1. An image reading unit for reading an image of an original, an image storage unit for storing read image information, an image processing unit for performing image processing on the read image information, and an image signal output by the image processing unit. In a digital image copying machine having an image recording means for recording on a medium, an identifying means for identifying a character area from an image read by the reading means, and a recognizing means for performing optical character recognition of the identified character area, Dictionary search means for performing a dictionary search to translate the language consisting of the recognized characters into a different language,
In the dictionary search, a means for searching for words and phrases that are connected by symbols in the dictionary search, a means for storing the connected words and phrases in the same structure as the words when storing the searched translations, and using the searched translations And a means for performing output in an arbitrary format.

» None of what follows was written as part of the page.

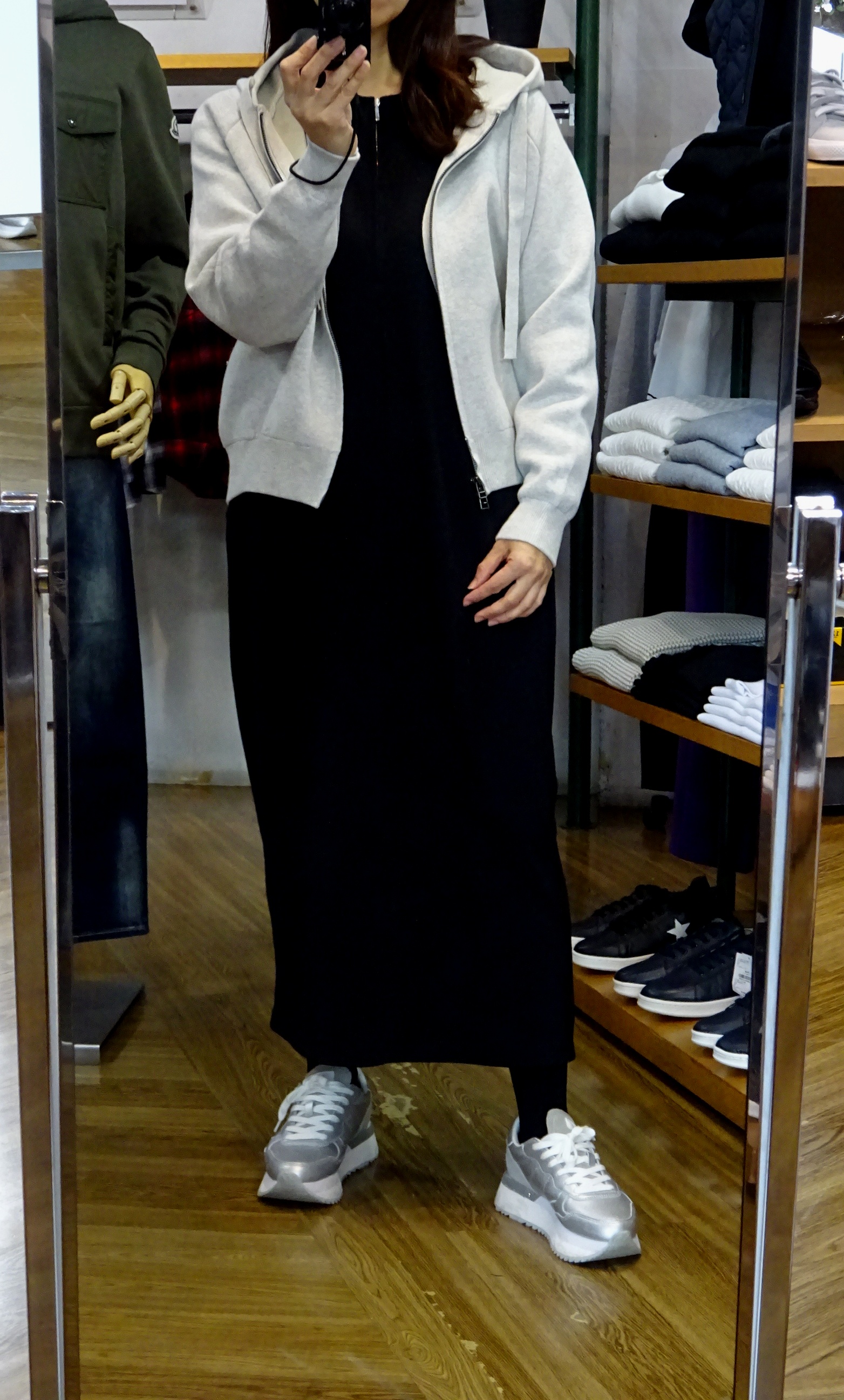 フロントZIPは胸元下まで下がるのでインナーをチラッと見せるのもオシャレです(^^♪

2. The bilingual apparatus according to claim 1, further comprising means for marking and outputting the retrieved idiom, and separately outputting the idiom by comparing it with the translated word.

3. The parallel translation apparatus according to claim 1, further comprising means for outputting a corresponding translated word below the original sentence in a layout like a manuscript in an arbitrary output format.

4. The parallel translation apparatus according to claim 1, further comprising means for outputting a recognized character as well as a corresponding translated word under the original sentence in an arbitrary output format. .

5. The bilingual apparatus according to claim 1, wherein the dictionary to be used is provided with means for using both a widely used dictionary and a dictionary corresponding to a technical term, and a usage form of the dictionary can be selected. A parallel translation device comprising means and outputting translated words of both dictionaries to an output format.

6. The bilingual apparatus according to claim 1, further comprising an input range designating means, wherein bilingual processing is performed on the image subjected to the image processing processing means.